Türkiye’nin ne denli bir uçurum kenarına geldiğini anlamak için, şu kritik günlerde İstanbul’da bebek katilinin yandaşlarının eylem yapmaktan kaçınmamaları yeter bile. Ama ne yazık ki, bizdeki devlet gururu ve onurunun da erozyona uğradığını üzülerek görüyorum. Doğrudur, bir çatışma öncesi her türlü diplomatik yollar denenmeli. Amaaa. İşte burada durup, düşünmekte yarar var;
* Bu diplomatik yardımı istediğiniz, sizin deyiminizle stratejik müttefikiniz veya müttefikleriniz teröristleri, koruyor ve silahlandırıyorsa,
* Danışmalarda bulunduğunuz bu dostlarınız, bugüne kadar kendi terörleri için gösterdiği özen ve ihtimamın milyonda birini sizin çocuklarınızı öldüren katilleri yakalamaya göstermiyorsa,
* Bu dost olduğunu ileri sürdüğünüz yetkililerin ağzı başka, gözleri ve eylemleri başka şekilde hareket ediyorsa,
* Bu müttefikleriniz, sizden toprak ve tazminat talep eden nokta kadar bir ülkeyi, kendi iç siyasi çıkarları için kullanıyorlarsa,
* Size insan hakları diye bastırıp en büyük insan hakları ihlallerini kendileri yapıyorsa,
* Sizin topraklarınız üzerinde, başkaları ile başka başka proje ve hesaplar içindeyseler,
* Sizi kendi çıkarları için komşularınızla kapıştırıyorlarsa,
* Ve siz de, bu yetkililere başka, kendi halkınıza başka konuşuyorsanız,
Bu ülkelerin başındakilerle yapacağınız veya yaptığınız ikili görüşmelerin ülkenize hiçbir yararı olmaz. Sizi oyalayıp bölgede sert geçen kış aylarına kadar operasyonu ertelemek istediklerini anlayamıyor musunuz? Yoksa sizler’de mi her ne kadar mangalda kül bırakmayan çıkışlar yapıyor olsanız da, bu operasyonun ertelenmesinden yanasınız?

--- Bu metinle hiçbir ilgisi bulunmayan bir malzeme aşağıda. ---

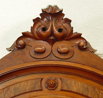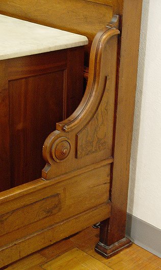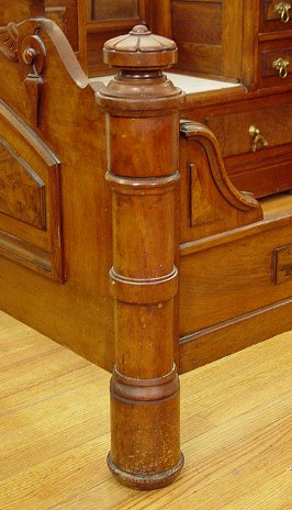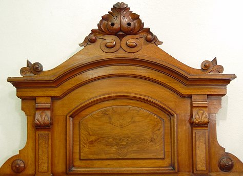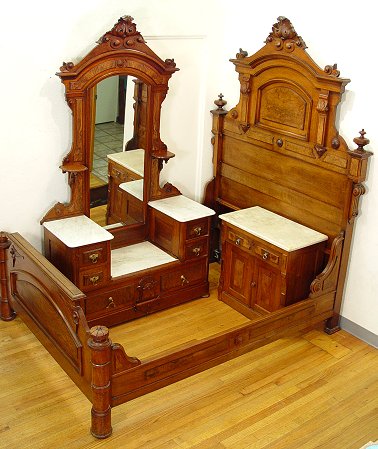 VICTORIAN RENAISSANCE REVIVAL BEDROOM SUITE: Walnut with white marble top. Set includes a magnificent 7'3'' high bed with original rails, a marble top drop center dresser with mirror, also 7'3''h, 49''w. and a marble top washstand, 29''h, x 30'' x 16''.

Başbakan bu hafta sonu Washington’a geliyor. Ben bu yazıyı yazana kadar ne Beyaz Saray, ne de Ankara, Erdoğan’ın Washington ziyareti konusunda resmi açıklama yapmıştı. Tek açıklama Erdoğan’ın kendisinden geldi, “Bu konuyu 5 Kasım’da ABD Başkanı Bush ile Beyaz Saray’da konuşacağım” şeklinde. 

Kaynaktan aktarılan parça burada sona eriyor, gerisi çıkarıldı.